完全にサナギになってから(体感)3週間ほどたった日の朝!
ピアノの練習をしに部屋に行ったら、カッ、カッと何かが虫かごの壁に衝突する音が聞こえた。

ついに羽化したか!?と思いサナギを確認。


な、なんと!サナギに風穴があいている!!

犯人は…

寄生バチだ


こいつは「アゲハヒメバチ」という種類のヒメバチ科の昆虫。

もちろん、ナミアゲハは死にました。

サナギになっている間に体を食われていったのだ。

幼虫がサナギになって、羽の生えた成虫になって出てくる瞬間をタイムラプスを回してまで待っていたのに、出てきたのはハチ。
家族全員ショックを受けた。


これを見た僕の父は、「こいつ虫かごに一生閉じ込めとこうぜ」

と言った。要するにコロスということだ。


ここで、僕はこの父の発言に違和感を持った。

アゲハヒメバチだって、奴らなりの方法で必死に生きているんだと。

いや、むしろそれしか生き残る方法がないんだ。

しかし、自分勝手な人間は「チョウのほうが大事」と考え、チョウに寄生するハチを悪とみなす。

そして、ハチを殺そうとしている。

果たしてハチは悪なのか。

僕はそうは思わない。
なぜならチョウは寄生バチが存在しているにも関わらず現代まで種が存続しているから。寄生バチも生態系の一部を担っているから。

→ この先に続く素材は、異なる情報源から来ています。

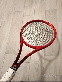 Racchetta da tennis Head Prestige Pro. Peso 315g Piatto 95 Schema corde 16/19 Bilanciamento 315mm Manico 3 In ottime condizioni. Monta metà passacorde di colore nero poiché quando é stato cambiato non era disponibile rosso.

でも、神道の考え方をするならば、人間は自然の一部であって、人間がほかの生物を嫌うことだって当然ある。ゆえに、ハチを殺すのは悪ではない。
そういう考え方もある。

それでも、人間って、言われれば物事を『公平に』考えることができる賢い動物だと思うんだ。だからこそ、一部の人間の『チョウの命のほうが重い』というエゴだけで殺されてしまうハチが、どうしても不憫に思えてならない。


これ(=人間のエゴに振り回されるものたち)は他の様々な事象においてもいえる。

あなたは、物事を公正公平にとらえることはできているだろうか。


「人間は公正公平に物事をとらえるべきだ」というのも僕という人間のエゴなんですけどね。